Paes has an easier row to hoe: even before the June protests, he’d at last begun to listen to Rio’s urban planners and architects, adapting his plans to some of their input. However, his administration has clearly prioritized large-scale infrastructure investments over the nitty-gritty of social services provision, favela upgrades and community participation — and this won’t change. Paes is also cooperating with an investigation of the bus companies’ finances.
Because the Rio police are a state-run entity and the governor is an easy target for anti-corruption protesters, Cabral is, since June, a man under siege, with rallies and marches focusing on both his apartment building in Leblon and his palace in Laranjeiras. The result have been a series of violent and questionable clashes, the last of which took place Wednesday night in Leblon and Ipanema. Thursday morning, police officials vowed to crack down, saying agreements with human rights groups had not been effective.

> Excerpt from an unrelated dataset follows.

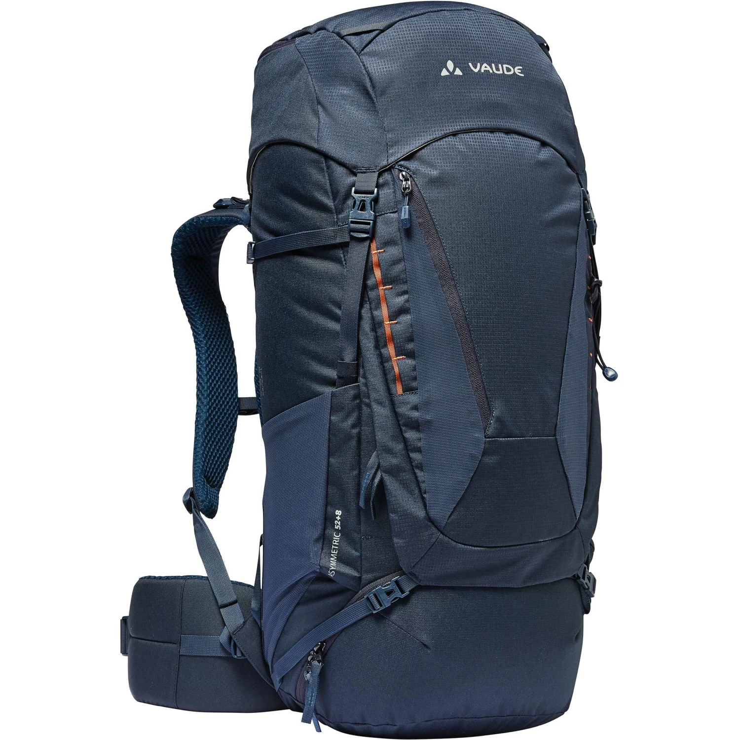 Vaude Asymmetric 52+8 er ikke kun en god følgesvend til hyttehop-ture og alpint trekking, men med 52 liter volumen er den også et godt valg til rygsækrejser og langdistanceture. Tergolight Comfort Space-ophængssystemet sikrer optimal fordeling af lasten. Du kan individuelt justere ryglængden, lastplaceringsstropperne og Ergoshape-skulderstropperne, så de passer til din egen krop. Den er usædvanlig rygvenlig takket være en fordybning i rygpolstringen, der aflaster sacroiliacaleddet for at forhindre ømme rygge. Et godt polstret hoftebælte letter belastningen og gør rygsækken endnu mere behagelig at bære. Specielt konstruerede skulderstropper giver masser af bevægelsesfrihed for dine arme. Hovedrummet kan tilgås fra toppen eller fronten. Adskillelsen til det nederste rum kan også nemt fjernes for at få mere plads i hovedrummet. Alt, der skal være let tilgængeligt, når du er på farten, passer i det elastiske frontrum med optimeret ventilation – selv vådt tøj kan tørre her. Du kan nemt få adgang til sidelommerne i stretchlommerne, mens du har rygsækken på. En isøkse eller trekkingstokke kan fastgøres til gearsløjfen og dine klatrejern til daisy chain – ideelt til alpint terræn! To kompressionsremme på hver side holder trekkingpakken slank, ligesom den øverste kompressionsrem med et udskiftningsspænde, hvis en af dem går i stykker, mens du er på eventyr. Du kan øge pakkens volumen med 8 liter med det højdejusterbare låg. VAUDE Green Shape-mærket står for miljøvenlige, funktionelle produkter fremstillet af bluesign®-certificerede, bæredygtige materialer.

It’s impossible to know what’s truly happening, since local coverage is without nuance and has failed to provide concrete information on just who the looters and vandals are and what they’re about. For example, the so-called Black Bloc is mentioned as responsible for attacks on police and public property, without reference to the fact that a Black Bloc movement has played a role in the Egyptian protests. Meanwhile, Facebook is an endless, uncurated source of information, difficult to grasp and filter. While Globo mostly decries the vandalism carried out by masked young men, some personal accounts cast doubt on police behavior. There are reports of police, intelligence agents (ABIN) and vandals infiltrating protests and spurring destruction.

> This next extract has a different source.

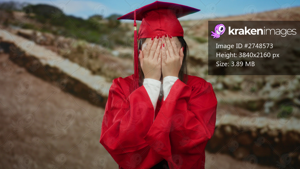 Woman celebrating graduation in red gown and cap outdoors in park setting with joyful expression.

The governor blamed opposition politicians for the violence. Opposition politicians, except for Marcelo Freixo, who engaged in a Twitter debate with the military police, have stayed fairly quiet. No one speaks of pacification, but some observers hint that those negatively affected by it are behind the violence. There is fear that the pressure on Cabral will ultimately award votes to politicians such as former governor Anthony Garotinho and former senator Marcelo Crivella, both eyeing his post. Senator Lindbergh Farias, a young and progressive opponent, co-author of an op-ed piece on political reform in today’s O Globo, could reap the most benefit from the current chaos, next year. But he’s got his own corruption allegations to worry about, underscoring one of the core challenges the protests present, nationwide: who represents Brazilians now?
A recent protest slogan declared that Public Safety Secretary José Mariano Beltrame’s honesty would only be proven once he arrests the governor, his boss. Beltrame, who has denied any interest in politics, boasted an unblemished image until June. He is ultimately responsible, together with the governor, for the police violence that included the shooting deaths of nine residents of the Maré favela complex and one police officer. After that incident, a military police commander said he didn’t know who had given the order to invade the favela.
The state-versus-protesters/vandals scenario is a frightening backdrop to the Pope’s visit for the World Youth Day (actually a week), beginning this Monday, as Rio receives millions of young pilgrims and emerges once more into the international limelight. The terms “curfew” and “state of siege” have been heard; on arrival, the Pope plans to take a ride downtown in his papamóvel, and then head over to a formal reception at the governor’s Guanabara Palace, where Cabral and President Dilma Rousseff are to greet him.
Yes, a protest is planned there, according to Facebook.
While the main event, an enormous mass, is to be held July 28 at the edge of the city in Guaratiba, there will be a presentation the night of July 26 of the stations of the cross, in different spots along the Copacabana beach.
Security forces will be out in huge numbers, as many as 20,000. But, given what’s taken place here in the last six weeks, anything is imaginable — including young people of a wide variety of backgrounds and beliefs, running from the cops.